最后，torch.fx的应用场景是什么呢，其实还真没有不少需要用来变换模块的场景。目前，官方文档里面已经给出了一些具体的应用案例：

Replace one op
Conv/Batch Norm fusion
replace_pattern: Basic usage
Quantization
Invert Transformation

比如Conv/Batch Norm fusion，我们知道在推理阶段将BN融合到Conv里合成一个操作可以加速推理速度，那么torch.fx就很容易实现这个功能，具体的代码实现如下：

# Works for length 2 patterns with 2 modules
def matches_module_pattern(pattern: Iterable[Type], node: fx.Node, modules: Dict[str, Any]):
    if len(node.args) == 0:
        return False
    nodes: Tuple[Any, fx.Node] = (node.args[0], node)
    for expected_type, current_node in zip(pattern, nodes):
        if not isinstance(current_node, fx.Node):
            return False
        if current_node.op != 'call_module':
            return False
        if not isinstance(current_node.target, str):
            return False
        if current_node.target not in modules:
            return False
        if type(modules[current_node.target]) is not expected_type:
            return False
    return True


def replace_node_module(node: fx.Node, modules: Dict[str, Any], new_module: torch.nn.Module):
    assert(isinstance(node.target, str))
    parent_name, name = _parent_name(node.target)
    modules[node.target] = new_module
    setattr(modules[parent_name], name, new_module)

def fuse(model: torch.nn.Module, inplace=False) -> torch.nn.Module:
    """
    Fuses convolution/BN layers for inference purposes. Will deepcopy your
    model by default, but can modify the model inplace as well.
    """
    patterns = [(nn.Conv1d, nn.BatchNorm1d),
                (nn.Conv2d, nn.BatchNorm2d),
                (nn.Conv3d, nn.BatchNorm3d)]
    if not inplace:
        model = copy.deepcopy(model)
    fx_model = fx.symbolic_trace(model)
    modules = dict(fx_model.named_modules())
    new_graph = copy.deepcopy(fx_model.graph)

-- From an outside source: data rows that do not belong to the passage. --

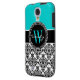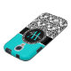 Personalised Initial Aqua Teal Black Damask Case-Mate Samsung Galaxy Case
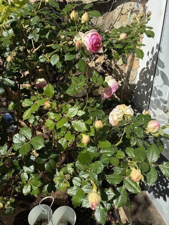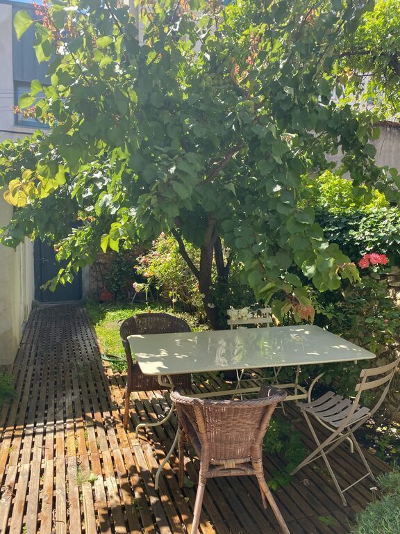 Le jardin est composé de rosiers, d'un abricotier, d’un citronnier, d’aromates et d’un petit potager avec au centre la table pour y manger…
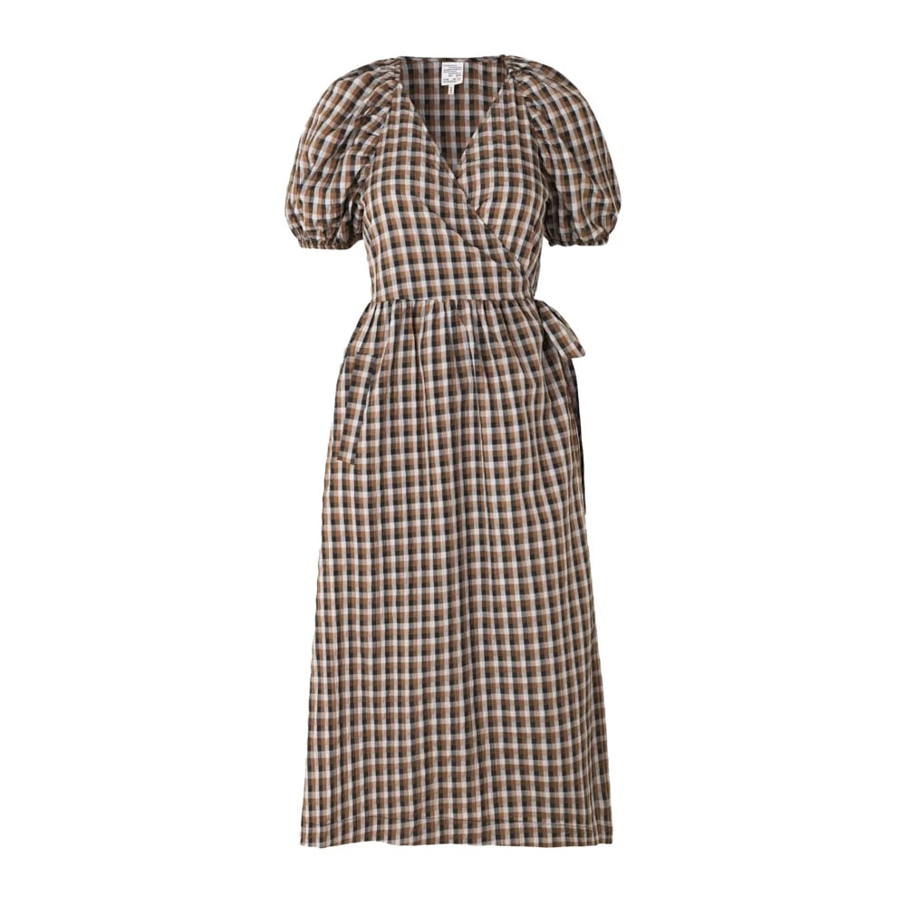 Baum und Pferdgarten, Klänningar , Dam, L, Bomull, Rutig Puff-Ärm Midi Klänning
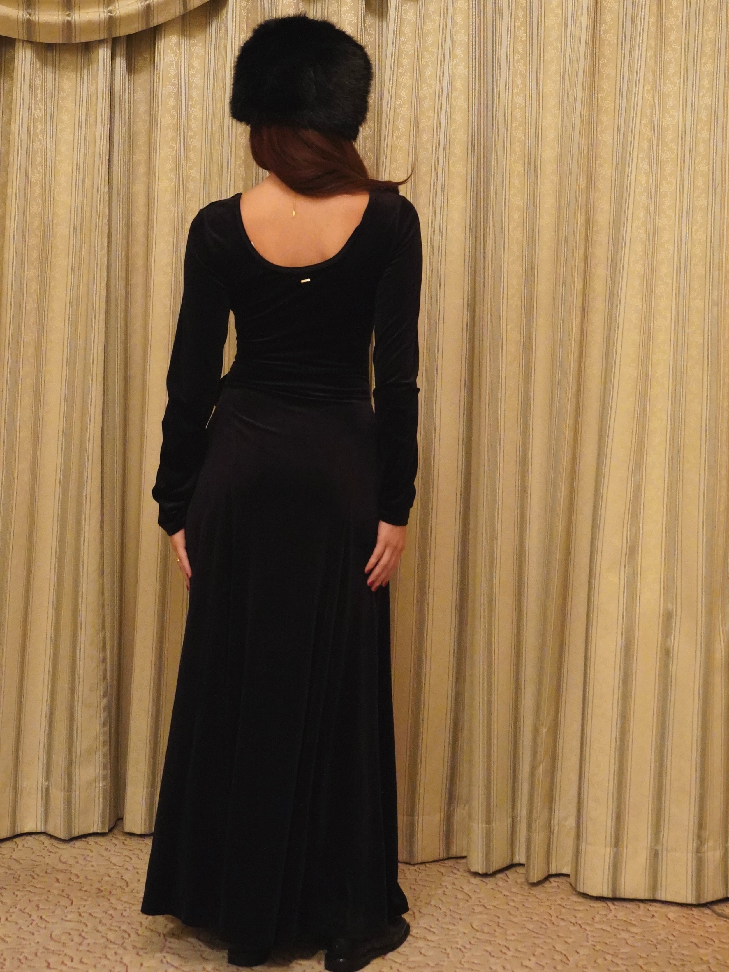 柔らかなベロア生地が程よく身体のラインに沿い、生地をたっぷり使用した落ち感のあるスカートが優雅な動きを演出。

    for pattern in patterns:
        for node in new_graph.nodes:
            # 找到目标Node：args是Conv，target是BN
            if matches_module_pattern(pattern, node, modules):
                if len(node.args[0].users) > 1:  # Output of conv is used by other nodes
                    continue
                conv = modules[node.args[0].target]
                bn = modules[node.target]
                # 融合BN和Conv
                fused_conv = fuse_conv_bn_eval(conv, bn)
                # 替换Node的module，其实就是将融合后的module替换Conv Node的target，背后是模块替换
                replace_node_module(node.args[0], modules, fused_conv)
                # 将所有用到BN Node的替换为Conv Node（已经融合后的Conv）
                node.replace_all_uses_with(node.args[0])
                # 删除BN Node
                new_graph.erase_node(node)
    return fx.GraphModule(fx_model, new_graph)

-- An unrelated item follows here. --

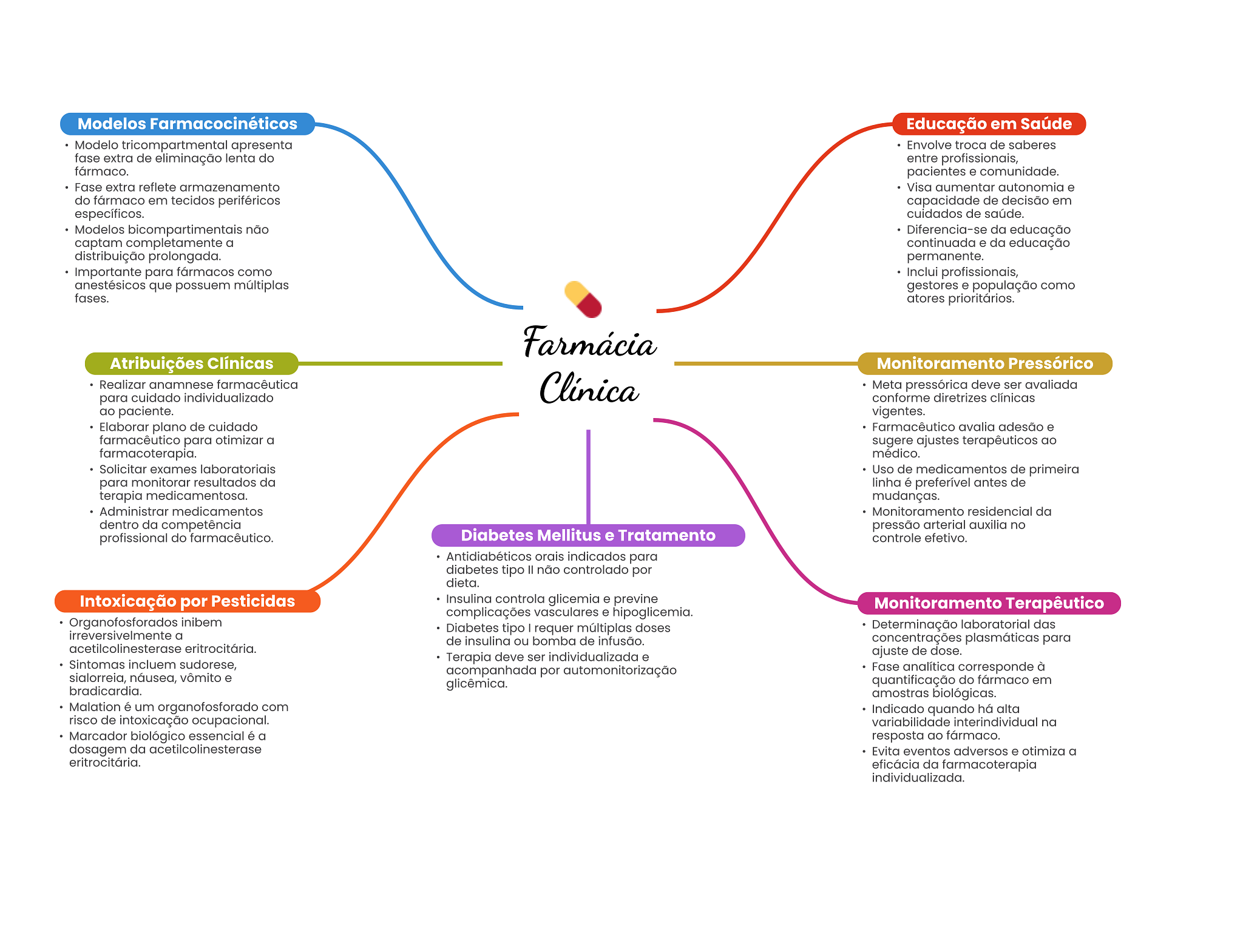 Modelos Farmacocinéticos Educação em Saúde Modelo tricompartmental apresenta Envolve troca de saberes fase extra de eliminação lenta do entre profissionais, fármaco. pacientes e comunidade. Fase extra reflete armazenamento Visa aumentar autonomia e do fármaco em tecidos periféricos capacidade de decisão em específicos. cuidados de saúde. Modelos bicompartimentais não Diferencia-se da educação captam completamente a continuada e da educação distribuição prolongada. permanente. Importante para fármacos como Inclui profissionais, anestésicos que possuem múltiplas gestores e população como fases. atores prioritários. Farmácia Atribuições Clínicas Monitoramento Pressórico Realizar anamnese farmacêutica Clínica Meta pressórica deve ser avaliada para cuidado individualizado conforme diretrizes clínicas ao paciente. vigentes. Elaborar plano de cuidado Farmacêutico avalia adesão e farmacêutico para otimizar a sugere ajustes terapêuticos ao farmacoterapia. médico. Solicitar exames laboratoriais Uso de medicamentos de primeira para monitorar resultados da linha é preferível antes de terapia medicamentosa. mudanças. Administrar medicamentos Monitoramento residencial da dentro da competência pressão arterial auxilia no profissional do farmacêutico. Diabetes Mellitus e Tratamento controle efetivo. Antidiabéticos orais indicados para diabetes tipo não controlado por dieta. Intoxicação por Pesticidas Insulina controla glicemia e previne Monitoramento Terapêutico complicações vasculares e hipoglicemia. Organofosforados inibem Diabetes tipo requer múltiplas doses Determinação laboratorial das irreversivelmente a de insulina ou bomba de infusão. concentrações plasmáticas para acetilcolinesterase eritrocitária. Terapia deve ser individualizada e ajuste de dose. Sintomas incluem sudorese, acompanhada por automonitorização Fase analítica corresponde à sialorreia, náusea, vômito e bradicardia. glicêmica. quantificação do fármaco em amostras biológicas. Malation é um organofosforado com Indicado quando há alta risco de intoxicação ocupacional. variabilidade interindividual na Marcador biológico essencial é a resposta ao fármaco. dosagem da Evita eventos adversos e otimiza a eritrocitária. eficácia da farmacoterapia individualizada.

from torch.fx.experimental.optimization import fuse
from torchvision.models import resnet18

model = resnet18()
model.eval() # 必须在eval模型下fuse

'''
  (layer4): Sequential(
    (0): BasicBlock(
      (conv1): Conv2d(256, 512, kernel_size=(3, 3), stride=(2, 2), padding=(1, 1), bias=False)
      (bn1): BatchNorm2d(512, eps=1e-05, momentum=0.1, affine=True, track_running_stats=True)
      (relu): ReLU(inplace=True)
      (conv2): Conv2d(512, 512, kernel_size=(3, 3), stride=(1, 1), padding=(1, 1), bias=False)
      (bn2): BatchNorm2d(512, eps=1e-05, momentum=0.1, affine=True, track_running_stats=True)
      (downsample): Sequential(
        (0): Conv2d(256, 512, kernel_size=(1, 1), stride=(2, 2), bias=False)
        (1): BatchNorm2d(512, eps=1e-05, momentum=0.1, affine=True, track_running_stats=True)
      )
    )
    (1): BasicBlock(
      (conv1): Conv2d(512, 512, kernel_size=(3, 3), stride=(1, 1), padding=(1, 1), bias=False)
      (bn1): BatchNorm2d(512, eps=1e-05, momentum=0.1, affine=True, track_running_stats=True)
      (relu): ReLU(inplace=True)
      (conv2): Conv2d(512, 512, kernel_size=(3, 3), stride=(1, 1), padding=(1, 1), bias=False)
      (bn2): BatchNorm2d(512, eps=1e-05, momentum=0.1, affine=True, track_running_stats=True)
    )
  )
  (avgpool): AdaptiveAvgPool2d(output_size=(1, 1))
  (fc): Linear(in_features=512, out_features=1000, bias=True)
)
'''

fused_model = fuse(model)

'''
  (layer4): Module(
    (0): Module(
      (conv1): Conv2d(256, 512, kernel_size=(3, 3), stride=(2, 2), padding=(1, 1))
      (relu): ReLU(inplace=True)
      (conv2): Conv2d(512, 512, kernel_size=(3, 3), stride=(1, 1), padding=(1, 1))
      (downsample): Module(
        (0): Conv2d(256, 512, kernel_size=(1, 1), stride=(2, 2))
      )
    )
    (1): Module(
      (conv1): Conv2d(512, 512, kernel_size=(3, 3), stride=(1, 1), padding=(1, 1))
      (relu): ReLU(inplace=True)
      (conv2): Conv2d(512, 512, kernel_size=(3, 3), stride=(1, 1), padding=(1, 1))
    )
  )
  (avgpool): AdaptiveAvgPool2d(output_size=(1, 1))
  (fc): Linear(in_features=512, out_features=1000, bias=True)
)
'''

torch.fx还有一个比较实用的使用场景，那就是对模型进行特征提取，比如我们希望得到模型中间特征用来分析，或者用一些中间特征用于构建其它模型，比如检测和分割模型。目前torchvision已经支持了这项功能：feature_extraction。这里也给出一个简单的代码例子，比如我们要提取ResNet模型的C4和C5特征：

import torchvision
from torchvision.models.feature_extraction import create_feature_extractor, get_graph_node_names

# 构建模型
model = torchvision.models.resnet50()

# 获取模型的所有的nodes
train_nodes, eval_nodes = get_graph_node_names(model)

# 定义输出node
return_nodes = {'layer3.5.relu_2': 'C4', 'layer4.2.relu_2': 'C5'}

# 进行重建
n_model = create_feature_extractor(model, return_nodes)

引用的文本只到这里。